軽薄そうに見える坂田君だが、なんだかんだで彼は律儀で優しい。
やっぱり持つべきものは友だと思った。
その日の放課後、僕は面倒くさがる坂田君を連れ添って、駅前にある雑貨屋店に向かった。
その雑貨屋店は、高校生男子が二人で入るにはあまりにもファンシー過ぎるものだった。
そんな店に入ることを坂田君はもちろん嫌がった。
無論、僕だって入りたくなかったが、彼女へのプレゼントのためと腹を括り、僕は彼の首根っこを捕まえて入った。

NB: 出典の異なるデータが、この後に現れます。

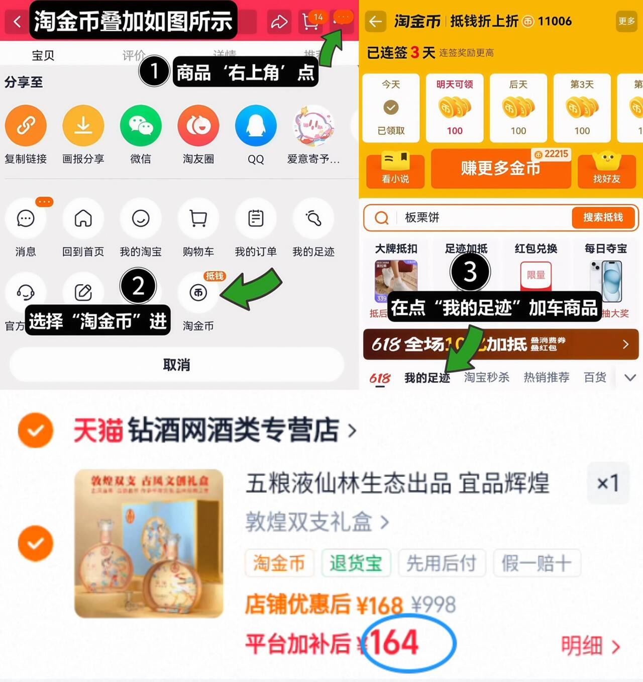 1、如图点右上角3个点,选淘金币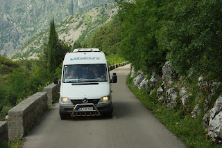 Prieš akis ekstremaliausias važiavimas Kotoro kopėčiomis- serpantinu su 25 posūkiais. Posūkiai sužymėti skaičiais nuo apačios. Pamatėm 25 ir apsidžiaugėm. Iš tikrųjų posūkių daugiau, manau virš 30. Asfaltuota juostele gali važiuoti tik 1 mašina.

そして、数十分後、僕と坂田君は顔を赤面させつつ、雑貨屋店を出た。
結果から言うと、目的のブックカバーを買うことはできた。
けれども、坂田君が一緒になって来てくれる必要があったかというと、甚だ疑問だ。
店に入った僕らは、そのピンク一色に染め上げられた店内に圧倒された。
そして、その雰囲気に困惑していると、あっという間に女性店員に声を掛けられた。
たぶん、男二人という面子が珍しかったからだと思う。
その店員にプレゼント用にブックカバーを探していると言うと、その店員はなんともわざとらしい笑顔で作って、僕らを案内し、そして、とても僕らでは考えも及びつかないピンクで可愛らしい装飾が施されたブックカバーを薦めてきた。
僕らは店員に薦められるまま、それを手に取りレジへ。
そして、ブックカバーはプレゼント用に包装され、可愛らしげな紙袋に入れられた。
そして、それを片手に僕らは店を出て、現在に至る。
「もう二度と、プレゼント選びなんかには付き合わない」
疲れ切った表情で坂田君は言い切った。
僕は苦笑い浮かべつつ、心の中で彼に詫びるしかなかった。